III.2 Chaotic system

We demonstrate further the efficiency of the proposed symplectic NN by solving the equations for a chaotic two-dimensional dynamical system. In particular, we solve the canonical equations for the Hénon-Heiles (HH) system [48] that describes the non-linear motion of a star around a galactic center with the motion restricted to a plane.

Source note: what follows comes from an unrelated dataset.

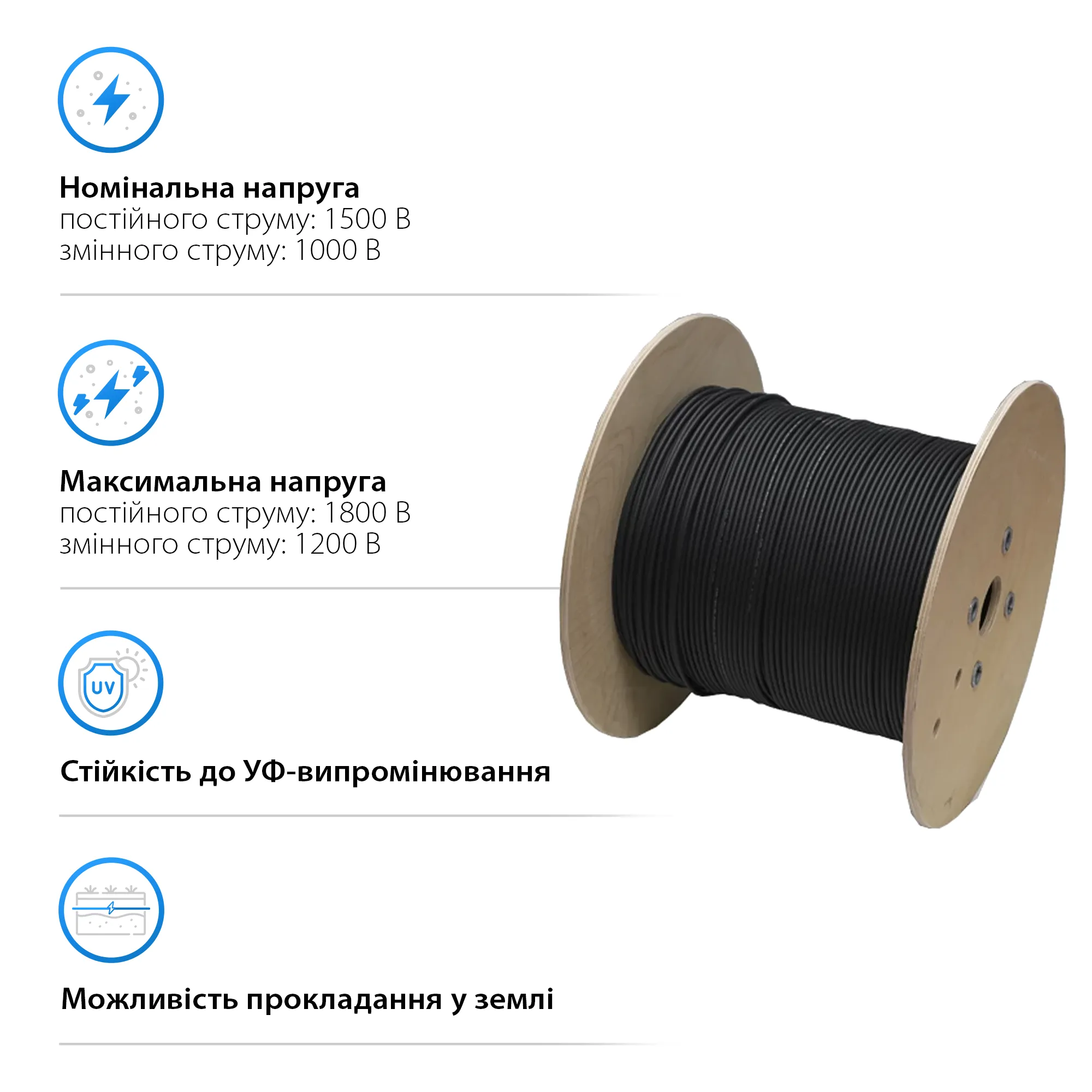 Срок службы этого кабеля составляет 25 лет, что делает его одним из самых долговечных на рынке. Цена продукта оправдана его высочайшим качеством и надежностью. Приобретая его в Киеве или с доставкой по всей Украине, вы делаете выбор в пользу безопасности и эффективности вашей солнечной электростанции на долгие годы вперед.

The HH system has four degrees of freedom in the phase space where ${\bf z}=({\bf q},{\bf p})^{T}=\left(x,y,p_{x},p_{y}\right)^{T}$ . The Hamiltonian and the total energy of this system is

\displaystyle\mathcal{H}=\frac{1}{2}\left(p_{x}^{2}+p_{y}^{2}\right)+\frac{1}{2}\left(x^{2}+y^{2}\right)+\left(x^{2}y-\frac{y^{3}}{3}\right).

(24)

The Hamilton’s equations results in the nonlinear DEs system:

	$\displaystyle\dot{x}$	$\displaystyle=p_{x},$	$\displaystyle\dot{y}$	$\displaystyle=p_{y},$		(25)
	$\displaystyle\dot{p}_{x}$	$\displaystyle=-\left(x+2xy\right),$	$\displaystyle\dot{p}_{y}$	$\displaystyle=-\left(y+x^{2}-y^{2}\right).$		(26)

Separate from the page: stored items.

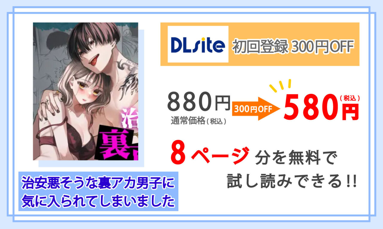 DLsiteでなら新規登録時にもらう”300円OFFクーポン”を使うことで、マンガ『治安悪そうな裏アカ男子に気に入られてしまいました』が非常にお得に購入できます!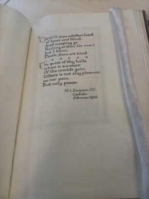Front Cover- ROLL OF HONOUR/OF THE OLD BOYS/OF CARLISLE/GRAMMAR SCHOOL/[school badge]/M.D. CCCCXIV/M.D. CCCCXVIII; Poem on the front inside page-Death, men call thee hard/of heart and blind,/And weeping go/Railing at thee for ever/but I know,/Death, thou art kind.//The quiet of thy halls,/where is surcease/Of the world's gain,/Where is not any pleasure;/no, nor pain./But only peace.//H.L. Simpson, O.C./Carlisle/February 1916; Title Page-ROLL OF/HONOUR/OLD BOYS/OF CARLISLE/GRAMMAR/SCHOOL/Who fell in the war of/1914 1918/PRO PATRIA; Pages 1 to 45- [names, 2 per page with much biographical detail]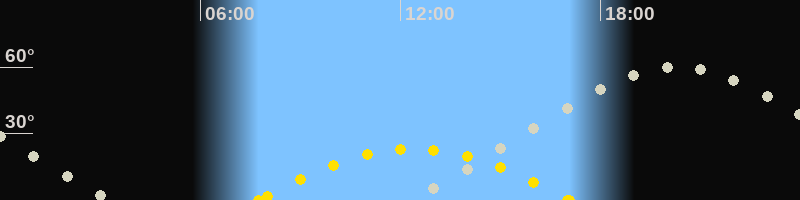 | Höchster Sonnenstand (Kulmination) | 12:24 Uhr (h = 23°) |

For the HH system we are seeking approximate solutions ${\bf\hat{z}}\in{\rm I\!R}^{4}$ . Accordingly, we employ a fully connected feed-forward NN with four outputs ${\bf N}\in{\rm I\!R}^{4}$ used to parametrize ${\bf\hat{z}}$ according to the general formula (6). The initial conditions for the numerical experiment are $\left(x_{0},y_{0},p_{x,0},p_{y,0}\right)=(0.3,-0.3,0.3,0.15)$ , corresponding to the energy $E_{0}=0.13$ . The maximal Lyapunov exponent for this set of initial conditions is $\nu=0.069$ , and since $\nu$ is positive, the motion is chaotic [49]. The network consists of two hidden layers with 50 neurons per hidden layer. An equally spaced grid of $K=100$ is initialized in the time interval $t=[0,6\pi]$ that corresponds to 1.3 Lyapunov times. These points are used as the training set and are perturbed in the beginning of every epoch by using a random term obtained by a normal distribution with zero mean and with a standard deviation $0.18\pi$ . The loss function is defined by Eqs. (25), (26), and according to Eq. (7), as

$\displaystyle L$	$\displaystyle=\frac{1}{K}\sum_{n=0}^{K}\left[\left(\dot{\hat{x}}^{(n)}-\hat{p}_{x}^{(n)}\right)^{2}+\left(\dot{\hat{y}}^{(n)}-\hat{p}_{y}^{(n)}\right)^{2}\right.$
	$\displaystyle+\left(\dot{\hat{p}}_{x}^{(n)}+\hat{x}^{(n)}+2\hat{x}^{(n)}\hat{y}^{(n)}\right)^{2}$
	$\displaystyle+\left.\left(\dot{\hat{p}}_{y}^{(n)}+\hat{y}^{(n)}+\left(\hat{x}^{(n)}\right)^{2}-\left(\hat{y}^{(n)}\right)^{2}\right)^{2}\right].$	(27)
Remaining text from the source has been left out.